Evans lanzó un suspiro.
—¿Y qué es la masa de tierra?
—Una isla llamada Gareda, en la zona sur del archipiélago de Salomón.
—Que esta….
—Frente a la costa de Nueva Guinea, en el norte de Australia.
—Así que es una isla del Pacífico sur —dijo Evans—. Ese tipo de la Antártida tenía una imagen de una isla del Pacífico.
—Correcto.
—Y la referencia «Scorpion» es…
—No lo sabemos —respondió Sanjong—. En los mapas el lugar real se llama Resolution Bay, pero quizá el nombre local sea Scorpion Bay.
—¿Y qué planean allí?
—Tampoco lo sabemos —dijo Kenner.
—Os he oído hablar de tiempos de propagación. Tiempos de propagación ¿de qué?
—De hecho, has oído mal —dijo Kenner sin inmutarse—. Hablaba de tiempos de interrogación.
—¿Tiempos de interrogación? —repitió Evans.
—Sí. Teníamos la esperanza de identificar al menos a uno de los tres hombres de la Antártida, puesto que disponemos de buenas fotografías de los tres. Y sabemos que las fotografías son fiables porque la gente de la base los vio. Pero me temo que no nos acompaña la suerte.
Sanjong explicó que habían transmitido las fotografías de Brewster y los dos estudiantes de pos grado a varias bases de datos de Washington, donde los ordenadores de reconocimiento las contrastaban con individuos con antecedentes penales. A veces había suerte y el ordenador encontraba una coincidencia. Pero esta vez no había sido así.

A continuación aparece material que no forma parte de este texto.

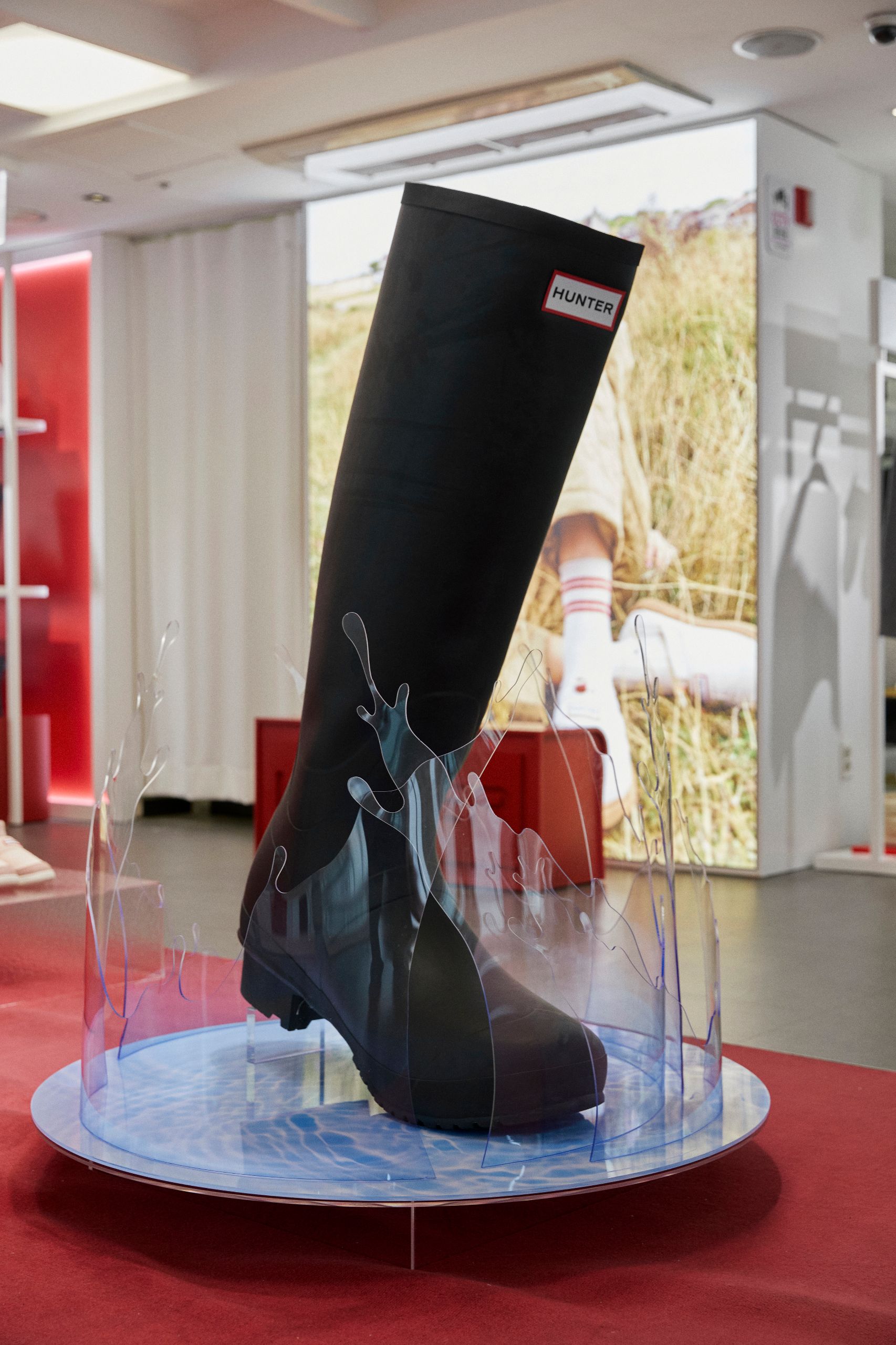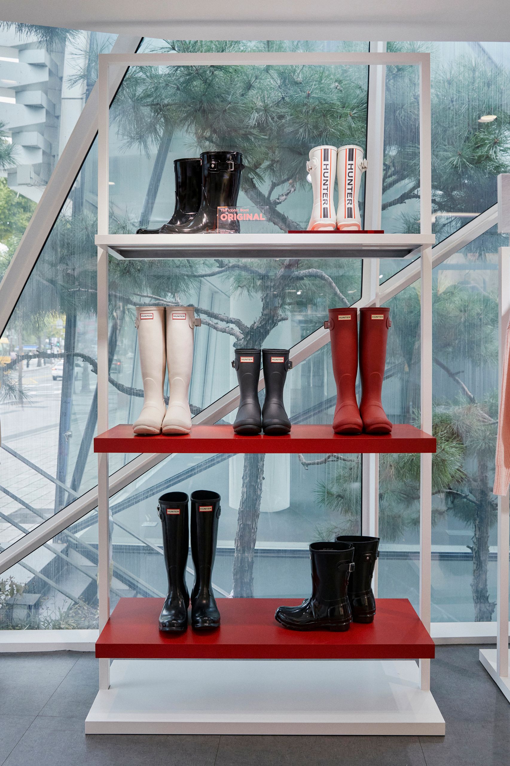 레드 컬러는 헌터의 시그니처이자 브랜드 아이덴티티의 핵심입니다. 강렬하고 대담한 감성을 담고 있으며 헌터의 전통과 현대성을 연결하는 역할이 되기도 하죠. 플래그십 스토어 곳곳에 배치된 레드 컬러는 브랜드의 고유성을 강조하고 고객들에게 시각적으로 기억에 남는 경험을 제공해요.

—Ya han pasado varias horas, así que creo que no hemos tenido suerte.
—Como preveíamos —añadió Kenner.
—Sí —convino Sanjong—. Como preveíamos.
—¿Porque estos hombres no tienen antecedentes penales? —dijo Evans.
—No. Es muy probable que sí tengan.
—Entonces, ¿por qué no ha aparecido una coincidencia?
—Porque esto es una guerra en la red —respondió Kenner—. Y de momento la estamos perdiendo.
Según las versiones de los medios de comunicación, explicó Kenner, el Frente Ecologista de Liberación era una asociación de ecoterroristas muy poco rígida, compuesta por pequeños grupos que actuaban por propia iniciativa y empleaban medios relativamente rudimentarios para sembrar el caos: incendios, destrucción de todoterrenos en aparcamientos y demás.
La verdad era muy distinta. Solo se había detenido a un miembro del FEL, un estudiante de posgrado de veintinueve años de la Universidad de California en Santa Cruz. Fue sorprendido saboteando una torre de perforación en El Segundo, California. Negó toda relación con el grupo e insistió en que actuaba solo.
Pero lo que inquietó a las autoridades fue el hecho de que llevaba en la frente una prótesis que le cambiaba la forma del cráneo y daba prominencia a las cejas. Llevaba también unas orejas falsas. Como disfraz, no era gran cosa, pero resultaba preocupante, ya que inducía a pensar que conocía bastante bien los programas de identificación utilizados por la policía.
Dichos programas estaban ajustados para pasar por alto los cambios en el vello facial-pelucas, barbas y bigotes, dado que era el método de disfraz más corriente. Estaban preparados así mismo para compensar los cambios de edad, tales como el aumento de peso reflejado en la cara, las facciones caídas, las entradas en el pelo.
Pero las orejas no cambiaban. La forma de la frente no cambiaba. Por tanto, los programas se basaban en gran medida en la configuración de las orejas y la forma de la frente. La alteración de estas partes del rostro daría un resultado negativo en un ordenador.
El individuo de Santa Cruz lo sabía. Sabía que las cámaras de seguridad lo fotografiarían cuando se acercas e a la torre de perforación. Así que cambió su aspecto de un modo que previniese la identificación por ordenador.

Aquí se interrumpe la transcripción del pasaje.